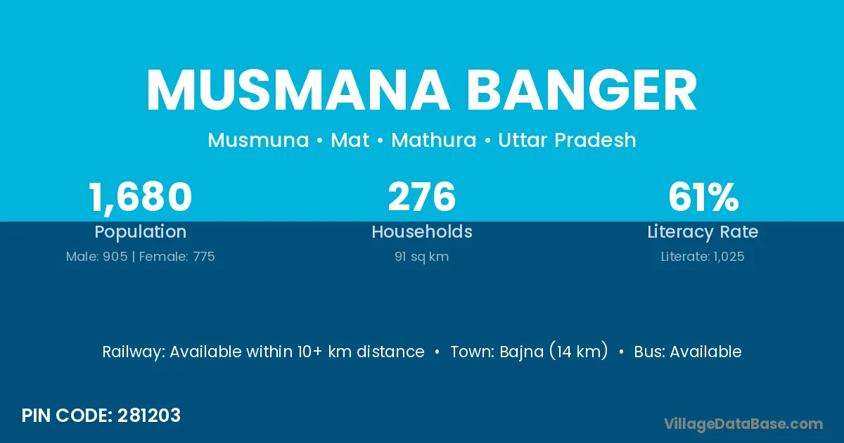Bajna (14 km) is the nearest town to Musmana Banger village for major economic activities and is located approximately 14 km away.
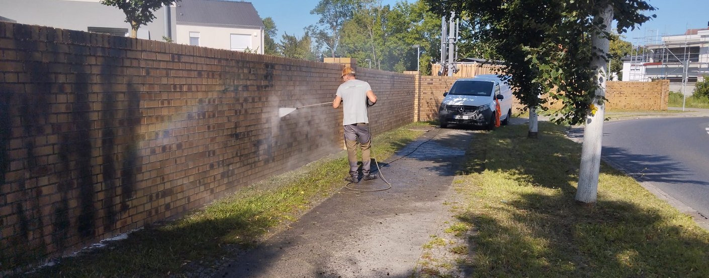 Bei der Graffitientfernung setzen wir auf die 3-Schritte-Methode und können somit Graffiti von allen Natursteinen, Beton, Klinker, Kunststoffen, Metall und vielen anderen Fassadenwerkstoffen entfernen.
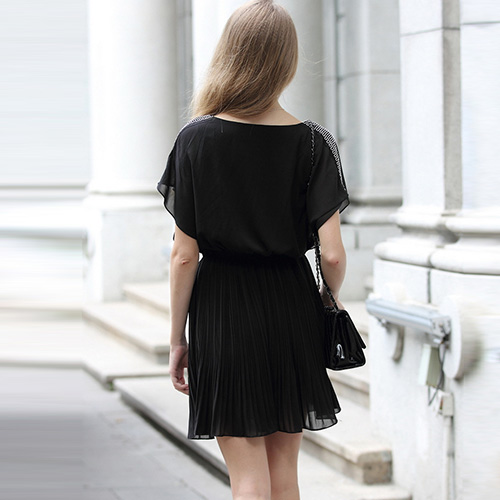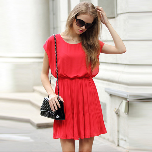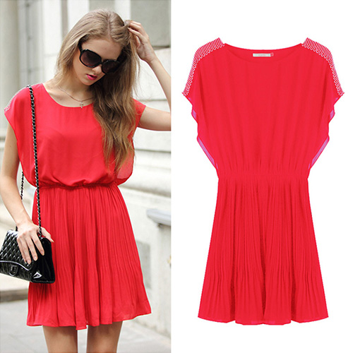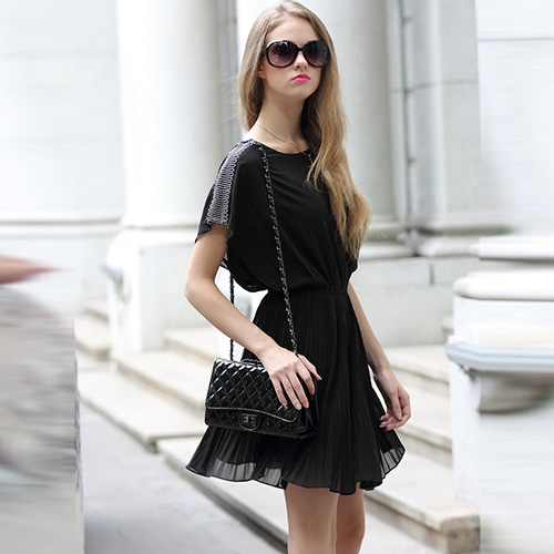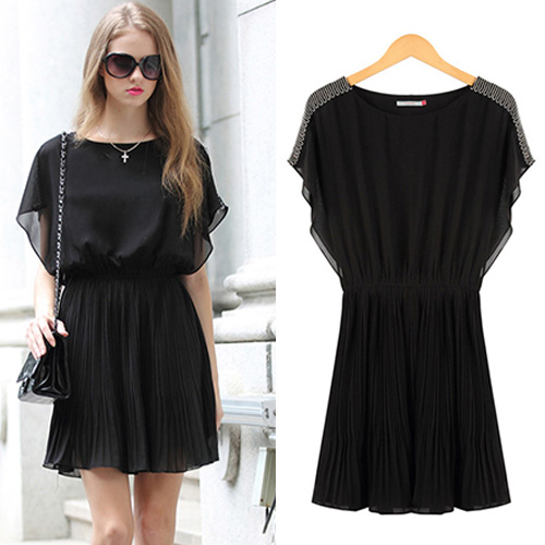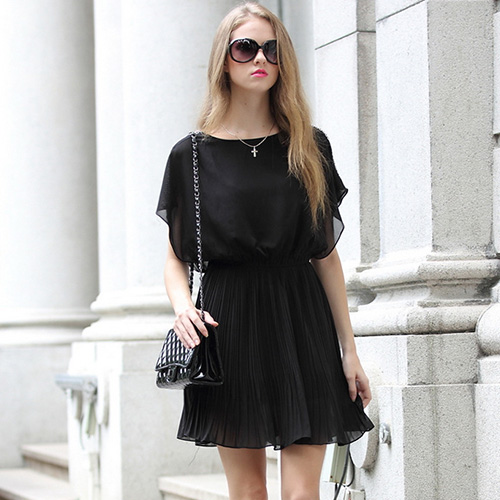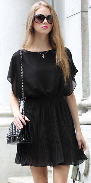 You should have such a stylish and charming dress in your closet. Solid color style,with bat sleeve
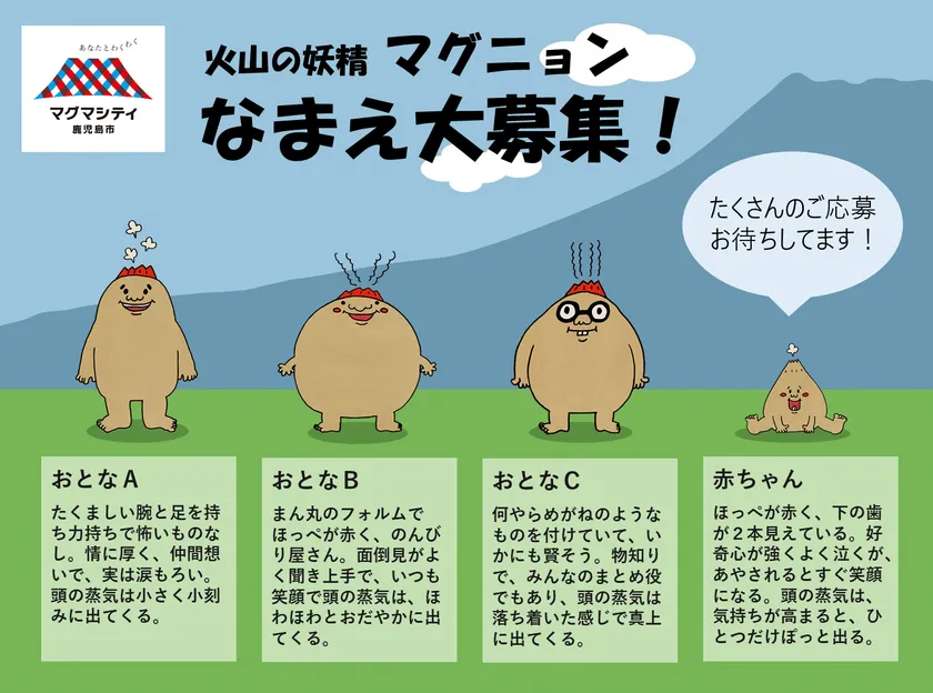 現在、このマグニョン4キャラクターが子どもから大人までさらに親しまれるよう、それぞれの名前を募集しています。たくさんのご応募をお待ちしています。

=-=-=

The job here is to retype the data exactly, with no pictures included.

- **RESULT OF THE TASK**
Bajna (14 km) is the nearest town to Musmana Banger village for major economic activities and is located approximately 14 km away.
 Bei der Graffitientfernung setzen wir auf die 3-Schritte-Methode und können somit Graffiti von allen Natursteinen, Beton, Klinker, Kunststoffen, Metall und vielen anderen Fassadenwerkstoffen entfernen.
 You should have such a stylish and charming dress in your closet. Solid color style,with bat sleeve
 現在、このマグニョン4キャラクターが子どもから大人までさらに親しまれるよう、それぞれの名前を募集しています。たくさんのご応募をお待ちしています。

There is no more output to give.